# Data block
────

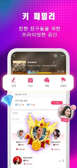 다양한 상호 작용 방식을 지원합니다. 다양한 종류의 방을 만들고 언제든지 누구와도 노래를 부르거나 함께 게임 할 수 있습니다. 같은 취향을 가진 사람들과 관심사를 공유할 수도 있습니다. 또는 다른 사람의 방에 참여하여 전 세계에서 활동중인 새로운 친구들을 만날 수도 있습니다. 방에서 최고의 플레이어 또는 진정한 가수가 누구인지 확인해보세요.
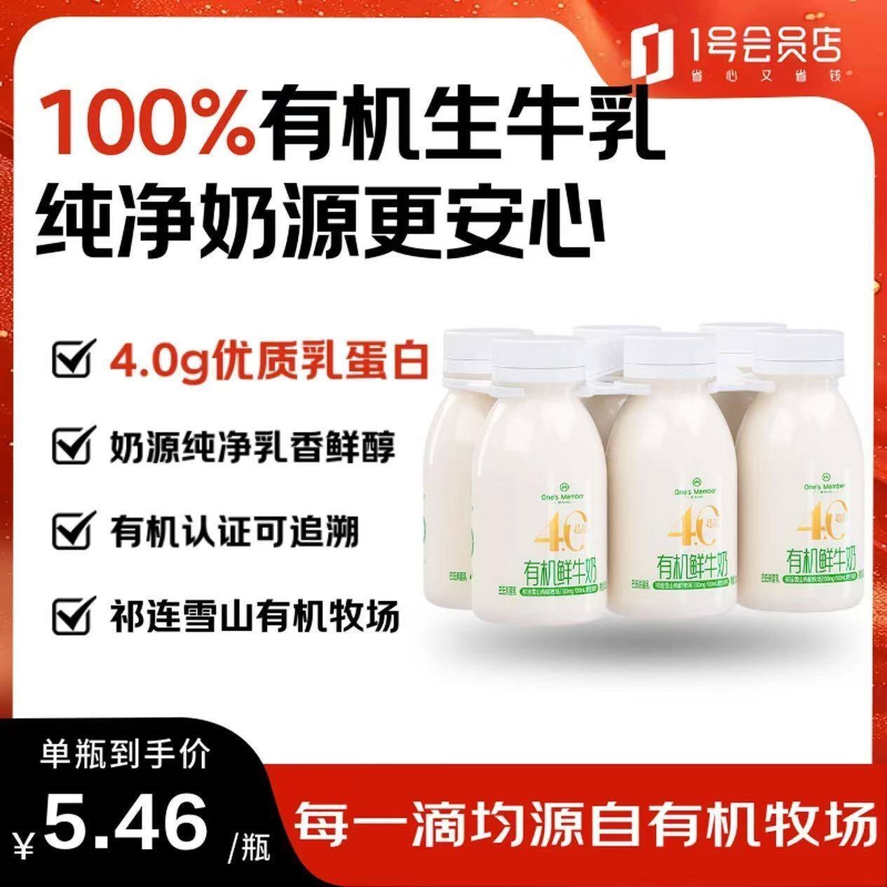 有机4.0g鲜牛奶200ml*6瓶
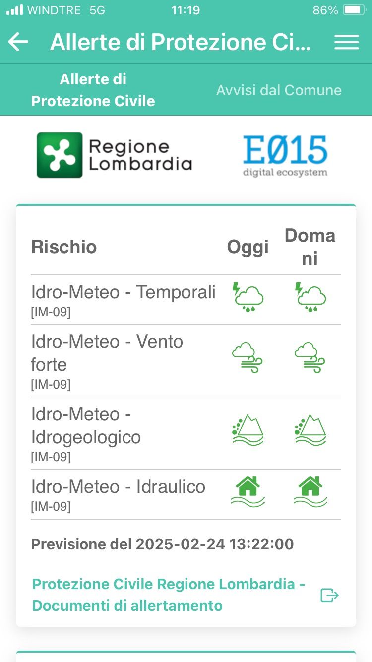 Il servizio relativo alle interconnessioni con l'API E015 "Allerte Protezione Civile" è attivo nei comuni di:

────

# What is needed
Reproduce the lines of the data that run from the one containing "有机4.0g鲜牛奶200ml*6瓶" to the final line, both included, exactly as they appear and without the pictures.

# Answer to the exercise
 有机4.0g鲜牛奶200ml*6瓶
 Il servizio relativo alle interconnessioni con l'API E015 "Allerte Protezione Civile" è attivo nei comuni di:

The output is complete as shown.